> _What the task requires_
Using the entries below, copy exactly each line from the line with "Dans Demain nous" up to and including the line with "Mit dem Gersthofen", with every picture left out.

> _Source data_
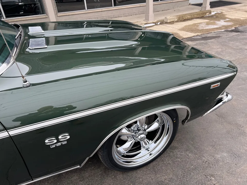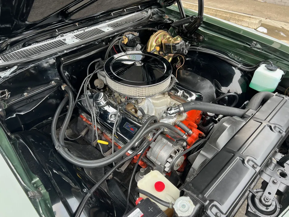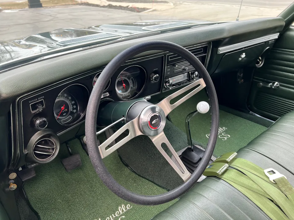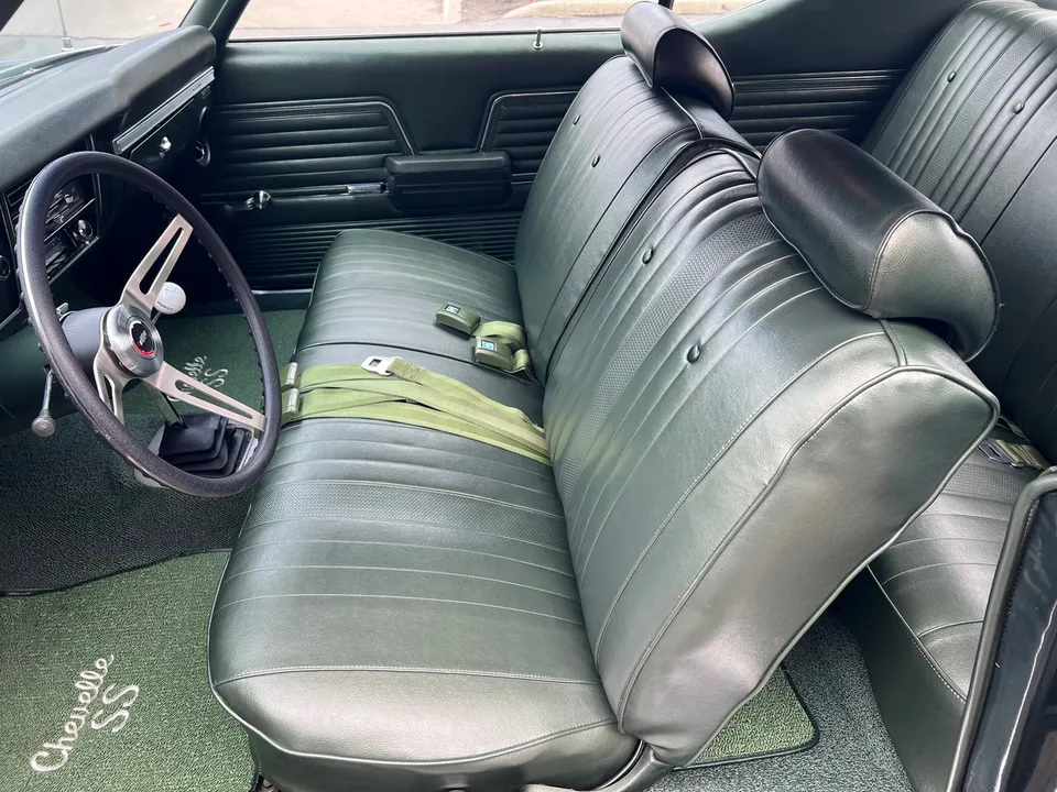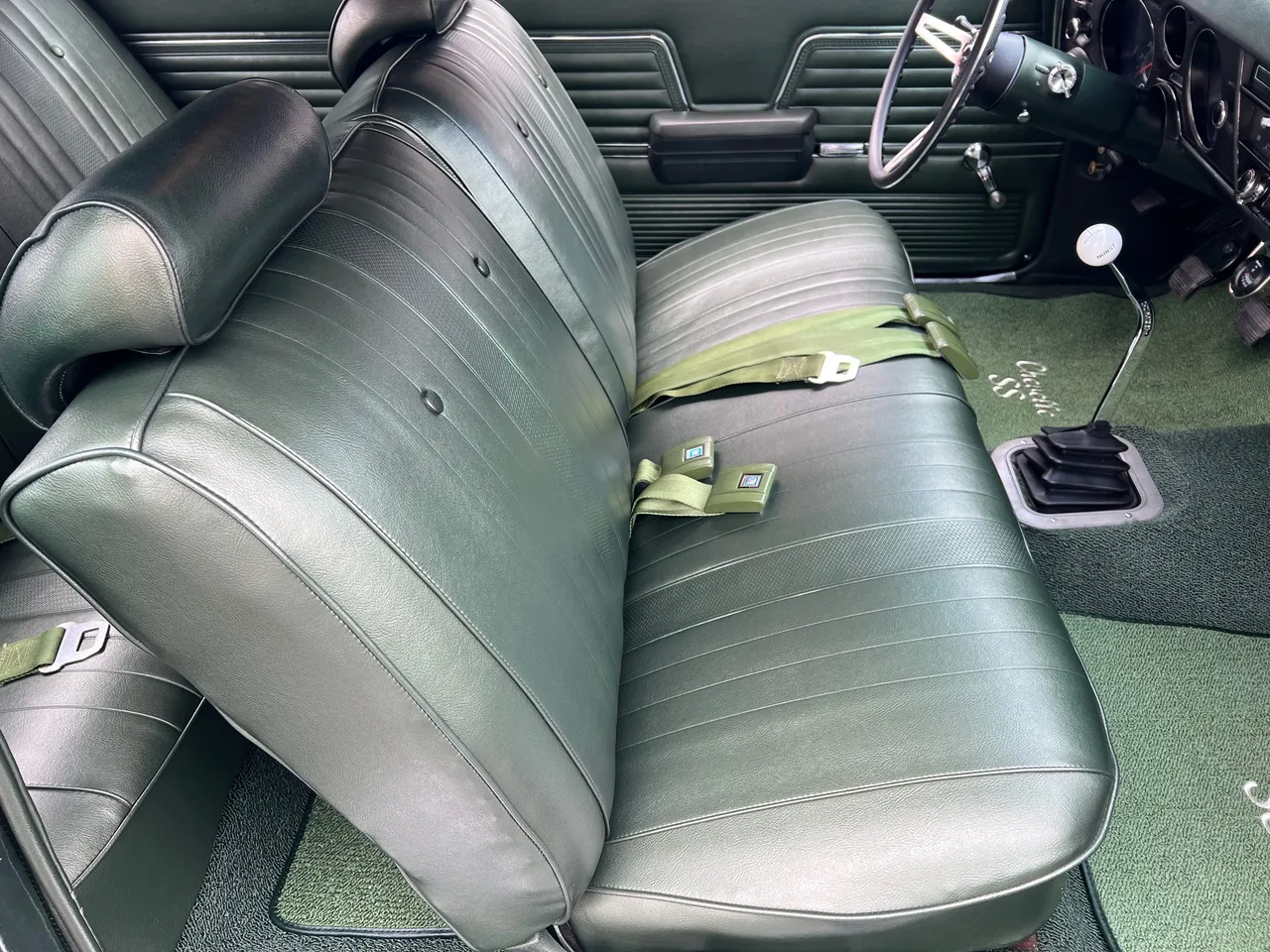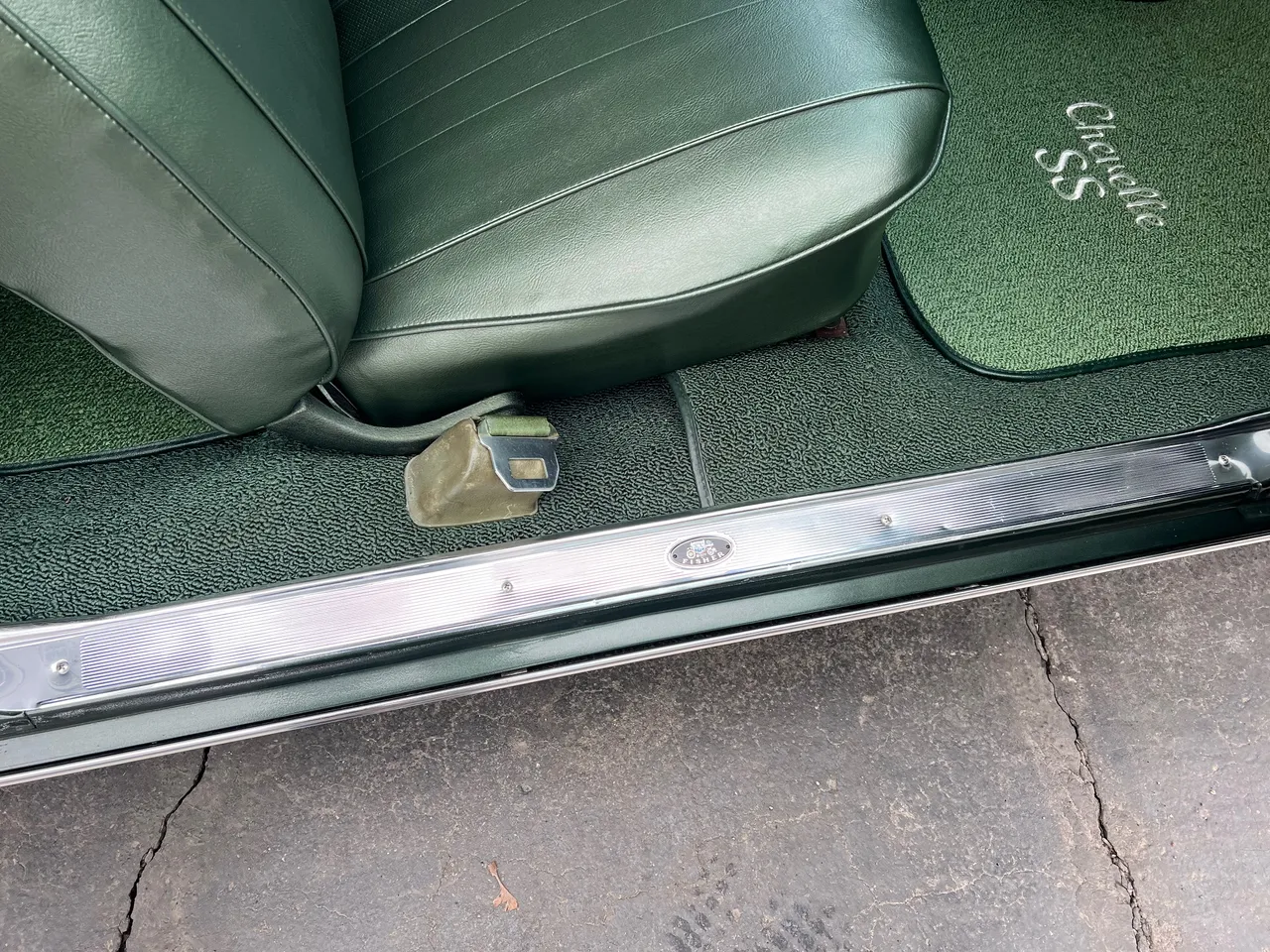 Recent Frame-Off Restoration, stunning Fathom green metallic paint, white SS striping, dark green vinyl interior, 454 ci engine, 4 speed manual transmission, Edelbrock 4 bbl, Edelbrock aluminum intake, mild camshaft, factory exhaust manifolds, chrome air cleaner & valve covers, HEI distributor, power steering, power 4-wheel disc brakes, factory bench seat, factory dash, Sport wheel, Delco am radio (aftermarket radio in glove box), Hurst shifter, Flowmaster dual exhaust, 12 bolt 3.73 limited slip rear axle, 18 & 20” chrome American Racing Torque Thrust wheels, 275/40R10 rear tires, 225/45R18 fronts, Holley Retrobright headlights, Soft Ray glass, One Bad Bowtie!
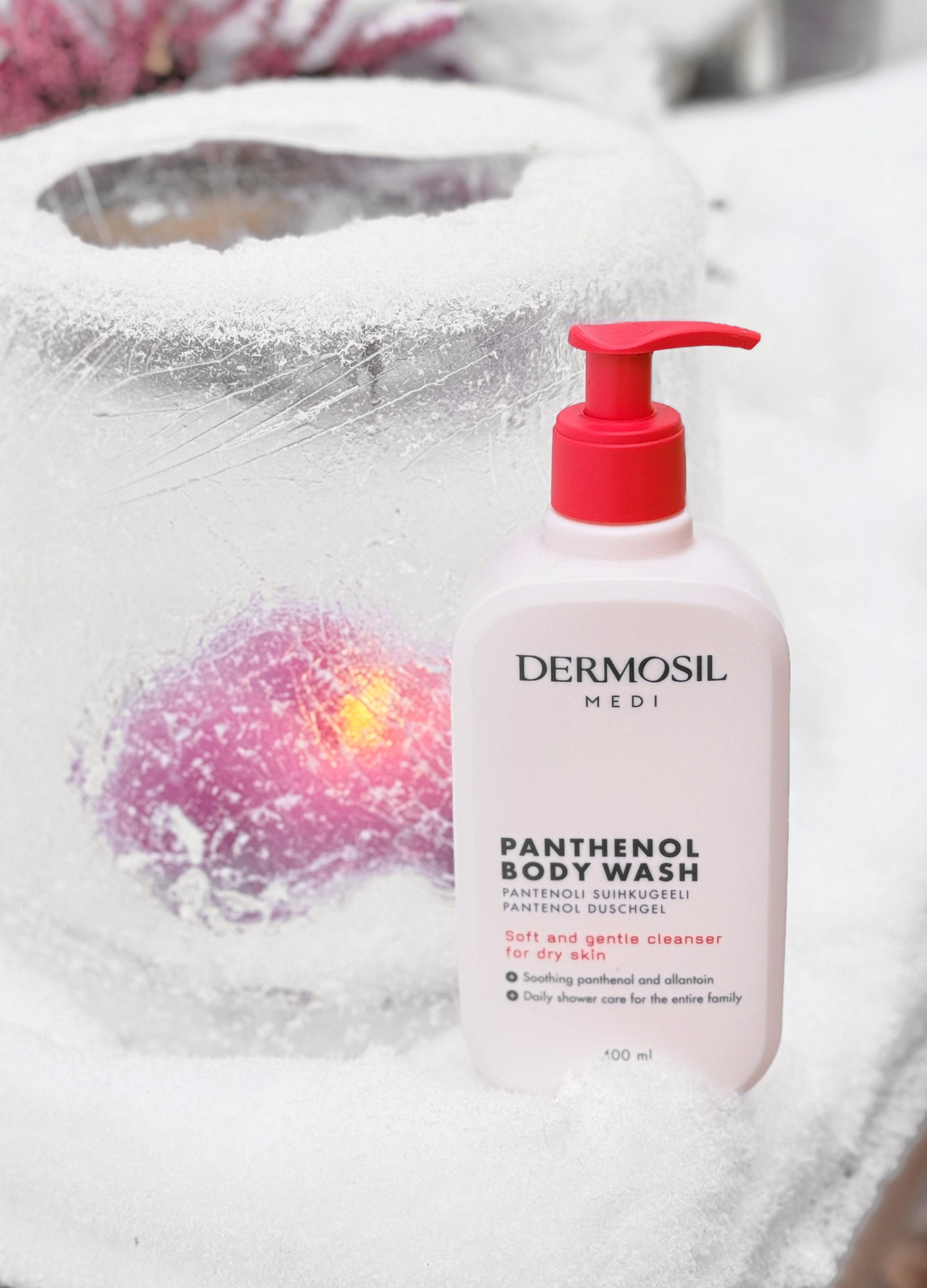 *Dermosilin Panthenol Body Wash on rauhoittava, kosteuttava ja ihanan pehmeästi vaniljan tuoksuinen. Se sisältää pantenolia, glyserolia ja allantoiinia. Käytän tätä myös käsisaippuana, se on niin mieto ja ei-kuivattava.
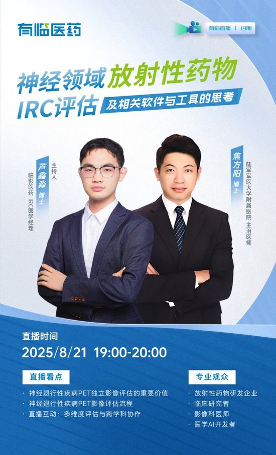 8月21日(周四)19:00,欢迎锁定有临医药直播间——主持人临影医药医学经理芦鑫淼博士,将邀请复旦大学博士、陆军军医大学附属医院主治医师焦方阳博士,共探神经领域放射性药物影像评估的标准化、自动化与智能化前沿。
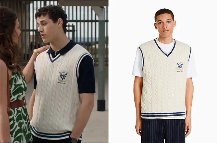 Dans Demain nous appartient 1452, Rayane (Sasha Birdy) accueille sa mère dans ce pull blanc sans manches, avec un logo brodé façon écusson.
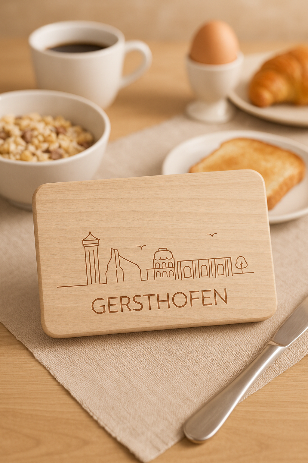 Mit dem Gersthofen Frühstücksbrettchen holst du dir ein Stück Heimat auf den Tisch. Das stilvoll gestaltete Brettchen mit Gersthofen-Motiv ist ideal für Frühstück, Brotzeit oder kleine Snacks und überzeugt durch seine praktische Alltagstauglichkeit.
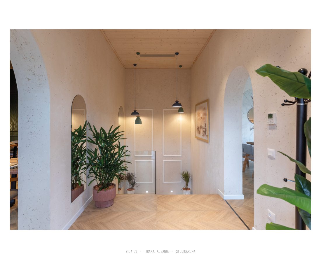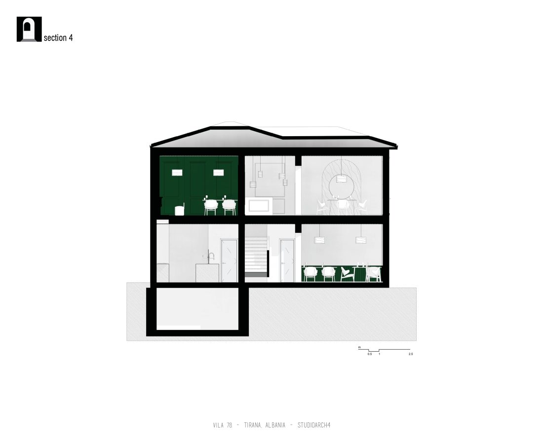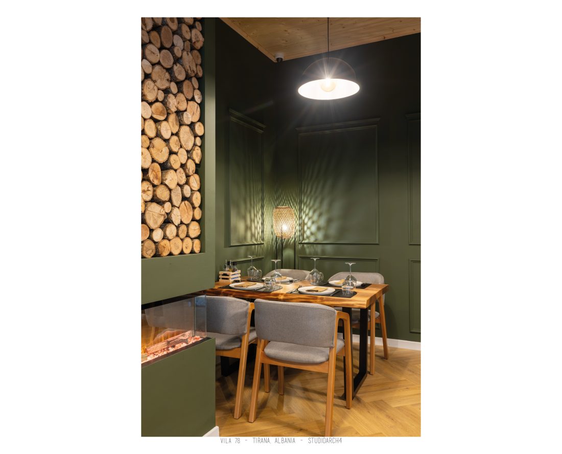 This project consists of the transformation of an old villa into a restaurant located in the New Bazaar. The design approach is to preserve the feeling of “home”, emphasizing it with natural materials such as terracotta, marble, stone, and wood. The interweaving of materials restores the intimacy of the villa and the history that they convey through the walls, floors, and ceilings with different colors and materials. The structural limitations of the existing building create the need for a new building to achieve the desired capacity. An inner courtyard is created between the buildings, recalling the “backyard”. The functions are a restaurant, bar, kitchen, and service facilities. The existing basement is expanded and used as technical space for the kitchen. Taking advantage of the connection with the road, the bar is on the ground floor of the new building and the inner courtyard. The ground floor of the villa contains the kitchen and a dining room. The first floor of the villa has two dining rooms. One offers a more intimate space for large groups, while the other has more tables. In the latter, the existing chimney is restored to function. From this room, you can access the terrace of the new building, which is covered with a shading system. This system stays open on sunny days for shade and closes on rainy days. The view from the terrace of the New Bazaar, the villa, and the inner courtyard adds value and engages the clients.
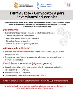 El Ayuntamiento de Monforte del Cid informa de la publicación de la convocatoria INPYME 2026 por parte de la Generalitat Valenciana, destinada a apoyar inversiones industriales productivas en la Comunitat Valenciana.
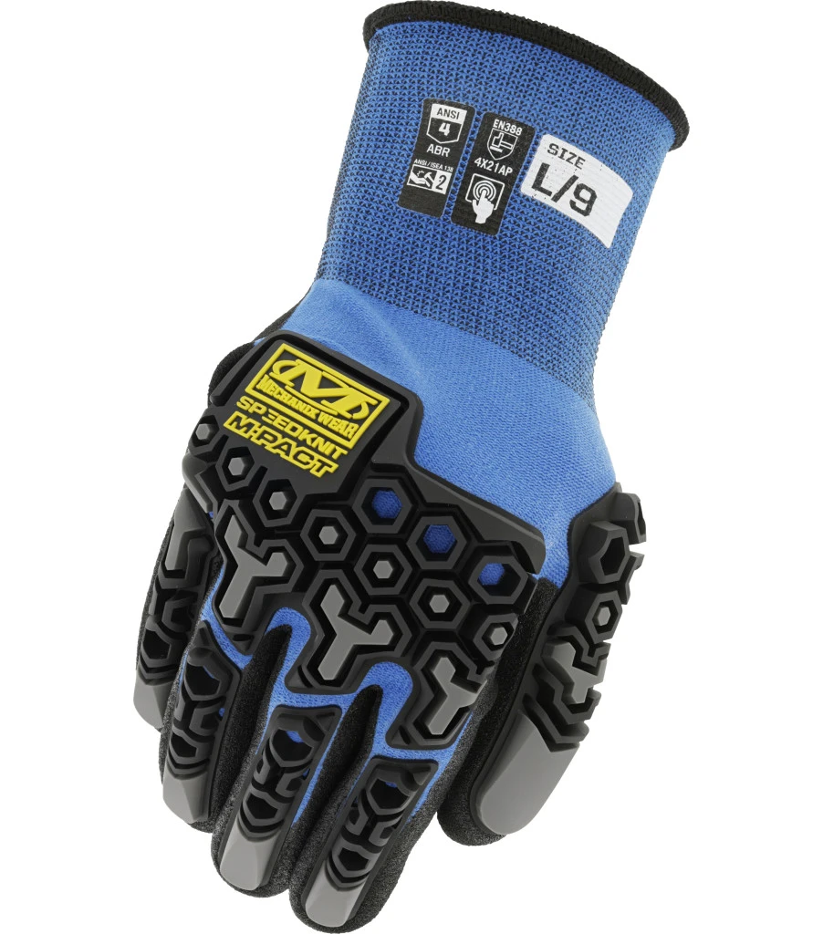 Our SpeedKnit™ M-Pact® is designed to protect working hands with a combination of functional impact resistance and proven cut performance. Utilizing a 13-gauge knit liner coated with a sandy nitrile palm that provides grip and touchscreen capability. Our ergonomically designed TPR is sonic welded for a seamless fit and ANSI Level 2 impact resistance.

> _Finished exercise_
 Dans Demain nous appartient 1452, Rayane (Sasha Birdy) accueille sa mère dans ce pull blanc sans manches, avec un logo brodé façon écusson.
 Mit dem Gersthofen Frühstücksbrettchen holst du dir ein Stück Heimat auf den Tisch. Das stilvoll gestaltete Brettchen mit Gersthofen-Motiv ist ideal für Frühstück, Brotzeit oder kleine Snacks und überzeugt durch seine praktische Alltagstauglichkeit.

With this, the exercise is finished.